Using the functions from above to encode the columns.

In [None]:
#le_dict,lnsraw =  label_encoder_for_columns(lnsraw, column_dict['catcols'])
#frame_to_go_to_model = lnsraw[column_dict['keep_columns']]

array_to_go_to_model, oneHot = create_model_input_array_one_hot_encoding(lnsraw, column_dict['cat_columns'],
                                                                         column_dict['num_columns'])
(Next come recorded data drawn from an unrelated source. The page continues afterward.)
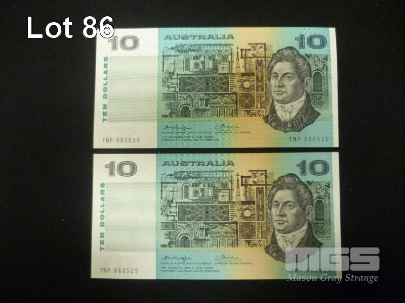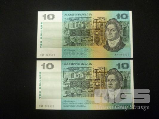 1976 2 x 10 DOLLAR NOTES CONSEC "SIDE THREAD" KNIGHTS WHEELER UNC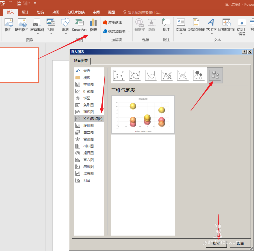 2、点击【插入】—【图表】—【XY散点图】—【三维气泡图】。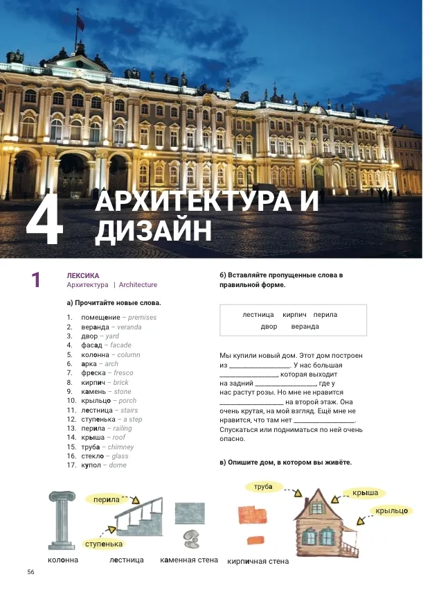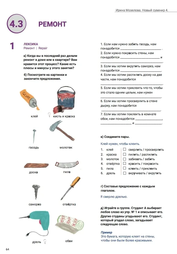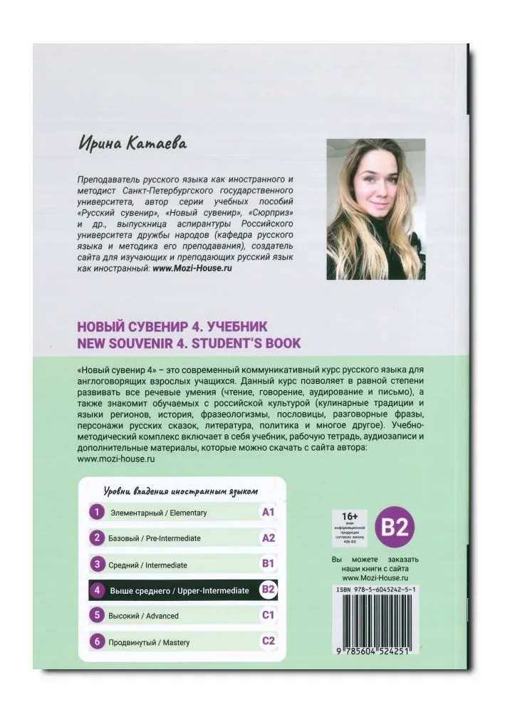 O complexo educacional e metodológico “Novo Souvenir 4” inclui um livro didático, um caderno de exercícios, materiais de áudio e materiais adicionais que podem ser baixados do site do autor. Este curso é destinado a adultos falantes de inglês que já falam russo no primeiro nível de certificação (B1) e desejam aprimorar sua proficiência no idioma para o segundo nível de certificação (B2). Este complexo educacional e metodológico é recomendado para uso em aulas individuais ou em grupo, sob a orientação de um professor falante de russo.

# Training the I-Forest Model


### Setting up IForest Model and parameters

In [None]:
param_optimiser = RandomizedSearchCV(IsolationForest(), ParamGrid,scoring=scorer_f, n_iter=80)

### Running the model

In [None]:
IFor_params = param_optimiser.fit(array_to_go_to_model)
print(IFor_params.best_params_) 
# -- first attempt: {'n_estimators': 120, 'max_samples': 285, 'max_features': 0.75, 'bootstrap': True}

In [None]:
IFor = IsolationForest(n_estimators=120, max_samples=285, max_features=1.0, bootstrap=False, contamination=0.1)

In [None]:
IFor.fit(array_to_go_to_model)

In [None]:
y_pred = IFor.predict(array_to_go_to_model)

# Explore the predictions

Creating a dataframe to translate each feature

In [None]:

encoded_columns = oneHot.get_feature_names_out()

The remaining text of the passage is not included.